I wonder if praise is not one of our biggest mistakes. When an Ituri Pygmy hunter comes home from having killed a springbuck, he gets no praise from his fellow tribesmen and is the last to receive his portion of meat. Out of this silence the hunter learns humility. He learns that his fate and that of his tribe are one. Praise for his efforts would only create a schism of the whole and fill the hunter with arrogance. In America, when one praises a friend exceedingly, that friend often begins to mistreat his or her admirer. To praise someone is to put them on a pedestal – separate from the masses of un-praised others. It is a product of dualistic thinking athe root of scores of flawed Western philosophical underpinnings.

This conundrum may explain why I always feel that I need to leave America where I treat everyone as if they are intrinsically good. Westerners, trained in dualistic thinking, take this as weakness on my part. They see my kindness as a green light to take, to gain some emotional advantage. I do not find such a dilemma in India or for that matter any other Third World nations I have visited. Here kindness is greeted by reciprocation.

I guess Reagan and his supply-siders are right in one sense about their trickle-down theories. An evil government imparts its paranoid set of values to its citizenry, whose collective denial of a bloody colonial history only reinforces the “taker” mindset. To stop and question the rules of this rigged game would be to risk losing one’s television or VCR or, God forbid, one’s cherished automobile. Westerners live in a state of guilt, shame and fear – knowing in their guts, but never acknowledging, the trail of tears they have left in their wake. Their penance is their work, their half-hearted daily grind, their boring monotonous meaningless assignment from the cruel Great White teacher. Their weekends are spent indulging in a swirl of contradictions that, by gosh, they deserve after spending all week doing penance. They break out their speedboats, gorge at fine restaurants, guzzle copious amounts of alcohol and throw their hard-earned money back into the whirling cogs of the system. They do not deserve freedom. They must repent. They are the system.

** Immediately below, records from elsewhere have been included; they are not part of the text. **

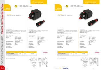STREFA 1,21; 2,22 ZONE 1,21; 2,22 ZONE 1,21; 2,22 II 2G Ex de IIC T5-T6 II 2D Ex tD A21 IP66 T 68°C II 2G Ex de IIC T5-T6 II 2D Ex tD A21 IP66 T 68°C Wtyk i gniazdo i gniazdo 16A/415V 32A/415V Plug and socket 16A/415V Plug and socket 32A/415V PRZEZNACZENIE APPLICATION PRZEZNACZENIE APPLICATION Wtyk i gniazdo 16A/415V do instalacji elektrycznej w pomieszczeniach przemysłowych zagrożonych wybuchem mieszanin: gazów, par oraz mgieł palnych z powietrzem a także mieszanin: pyłów lub włókien palnych z powietrzem. W strefach zagrożonych wybuchem: 1, 21; 2, 22. 16A/415V plug and socket for installation in industrial facilities with explosion hazard of gases, vapours and flammable fogs mixed with air and inflammable dust and fibers mixed with air. Hazardous zones: 1,21; 2,22. Wtyk i gniazdo 32A/415V do instalacji elektrycznej w pomieszczeniach przemysłowych zagrożonych wybuchem mieszanin: gazów, par oraz mgieł palnych z powietrzem a także mieszanin: pyłów lub włókien palnych z powietrzem. W strefach zagrożonych wybuchem: 1, 21; 2, 22. 32A/415V plug and socket for installation in industrial facilities with explosion hazard of gases, vapours and flammable fogs mixed with air and inflammable dust and fibers mixed with air. Hazardous zones: 1,21; 2,22. DANE TECHNICZNE TECHNICAL DATA DANE TECHNICZNE TECHNICAL DATA Stopień ochrony: Temp. otoczenia: Materiał: Wejścia kablowe: Zaciski przyłączeniowe: Napięcie: Prąd znamionowy: Ustawienie bolców: IP 66 od -40⁰C do +55⁰C gniazdo: poliwęglan pokrywa: poliamid wtyk: poliamid gniazdo 1xM20 /Ø 6,5-14,5 mm/ wtyk PG 16 /Ø 6,5-14,5 mm/ gniazdo 2x4 mm² wtyk 2,5mm² 380-415VAC 50/60 Hz 16A 3P+N+E Protection degree: Ambient temperature: IP 66 from -40⁰C to +55⁰C socket: polycarbonate cover: polyamide plug: polyamide socket 1xM20 /Ø 6,5-14,5 mm/ plug PG 16 /Ø 6,5-14,5 mm/ socket 2x4 mm² plug 2,5mm² 380-415VAC 50/60 Hz 16A 3P+N+E Cable entry: Terminal block: Voltage: Rated current: Pin configuration: Stopień ochrony: Temp. otoczenia: Materiał: Wejścia kablowe: Zaciski przyłączeniowe: Napięcie: Prąd znamionowy: Ustawienie bolców: IP 66 od -40⁰C do +55⁰C gniazdo: poliwęglan pokrywa: poliamid wtyk: poliamid gniazdo 1xM25 /Ø 8-18,5 mm/ wtyk PG 16 /Ø 8-18,5 mm/ gniazdo 2x6 mm² wtyk 6 mm² 380-415VAC 50/60Hz 32A 3P+N+E Protection degree: Ambient temperature: Material: Terminal block: Voltage: Rated current: Pin configuration: APPROVALS CERTYFIKAT APPROVALS LCIE 02 ATEX 6068 LCIE 02 ATEX 6068 LCIE 02 ATEX 6068 LCIE 02 ATEX 6068 Symbol zamówieniowy | Order index Gniazdo | Socket 380-415VAC PCX 1 szt./pcs 31-143-9220 Wtyk | Plug 380-415VAC PCX 1 szt./pcs 31-143-9221 166 Pakowanie | Packing Symbol zamówieniowy | Order index Gniazdo | Socket 380-415VAC PCX 1 szt./pcs 31-143-9225 Wtyk | Plug 380-415VAC PCX 1 szt./pcs 31-143-9226 WYMIARY | DIMENSIONS [ mm ] 195 165 140 275 62 WYMIARY | DIMENSIONS [ mm ] Typ | Type Opis | Description 74 Pakowanie | Packing 80 Typ | Type Opis | Description IP 66 from -40⁰C to +55⁰C socket: polycarbonate cover: polyamide plug: polyamide socket 1xM25 /Ø 8-18,5 mm/ plug PG 16 /Ø 8-18,5 mm/ socket 2x6 mm² plug 6 mm² 380-415VAC 50/60Hz 32A 3P+N+E Cable entry: CERTYFIKAT 73 Ustawienie bolców | Pin configuration Ustawienie bolców | Pin configuration L2 L1 6h N L3 3P+N+E 1.43 L2 L1 6h N 375 EXPLOSION PROOF EQUIPMENT OSPRZĘT PRZECIWWYBUCHOWY Wtyk STREFA 1,21; 2,22 L3 3P+N+E www.remontowa-rlt.pl, [email protected] 1.44
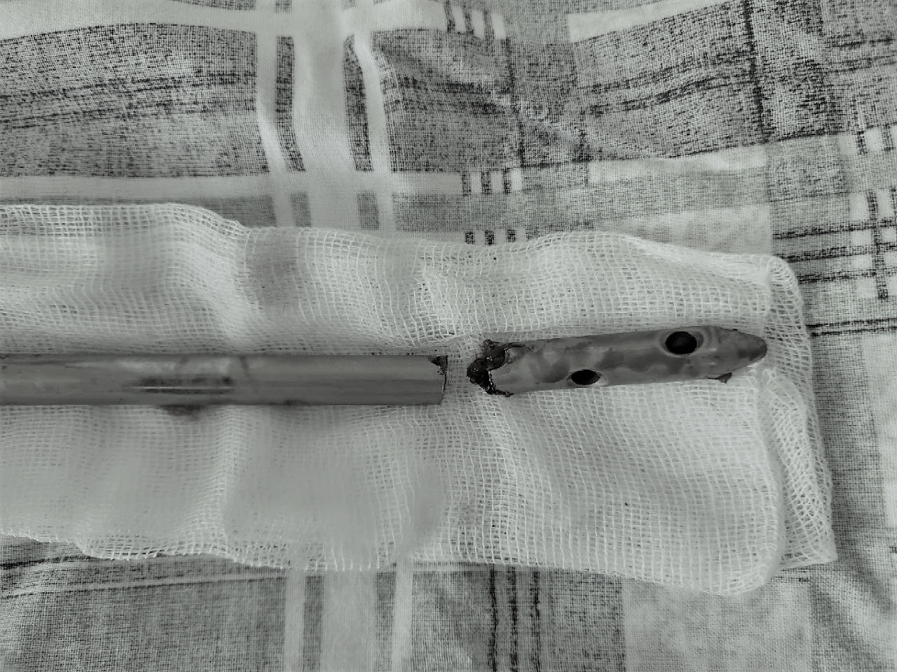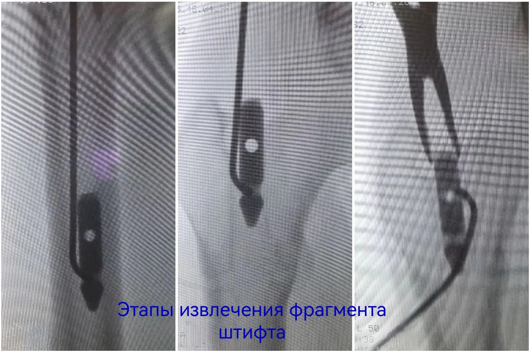Врачам нужно было найти новое, более подходящее решение, при этом избежать травматичного открытого доступа и обойтись без больших разрезов. Задачу усложнял сломанный внутри кости штифт. Специального серийного устройства для его удаления малоинвазивным способом не существует. Чтобы пройти 40 сантиметров по костномозговому каналу, захватить и извлечь фиксатор, наши специалисты создали свою систему на базе имеющего набора проводников и экстракторов. Тщательное предоперационное планирование принесло желаемый результат в ходе вмешательства.
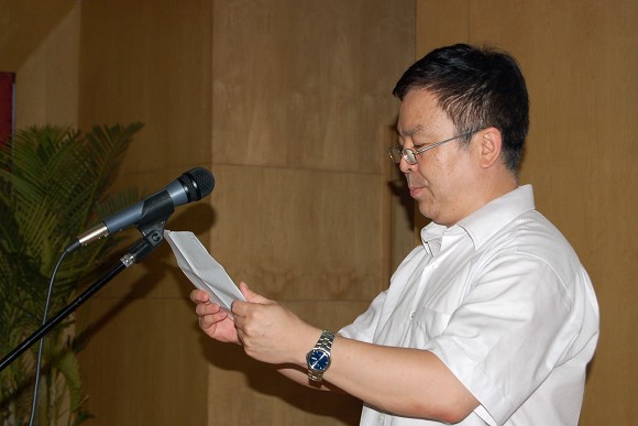 足球隊總教練金志揚教授發表感言,對學校領導重視表示感謝,對中國足協、北京市教委的大力支持表示感謝。
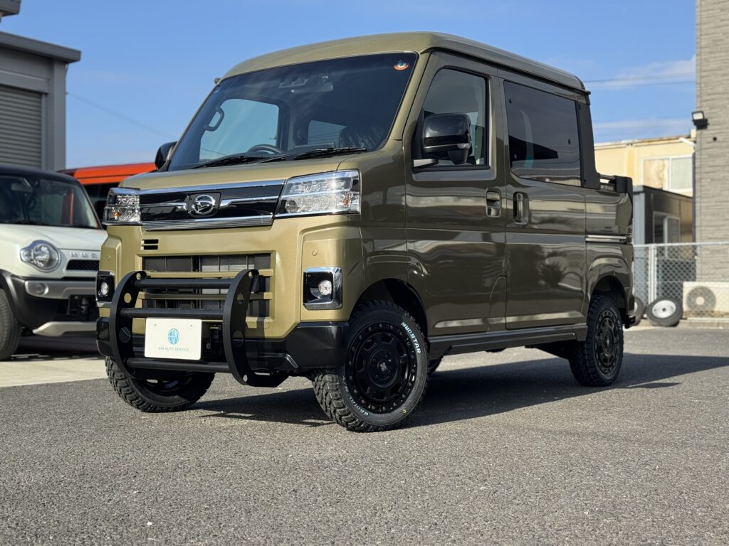 軽トラ 軽バンのリフトアップカーはエイムオートサービスにお任せください。車両販売・カスタム・買取・車検整備

No one’s heart is sad at birth. No one is filled with gloom when their tiny eyes first awaken to the world outside their mother’s womb. No amount of phony social Darwinist propaganda can make it so. Charles Darwin, whose “survival of the fittest” terminology is often invoked by wealthy fat Republicans as justification for their callous journey through this life, actually argued that the most important key to human and animal survival was “cooperation within species”. The entire debate over whether man is naturally good or evil is itself a dualistic windstorm that could only take place within the simplistic minds of the colonial West.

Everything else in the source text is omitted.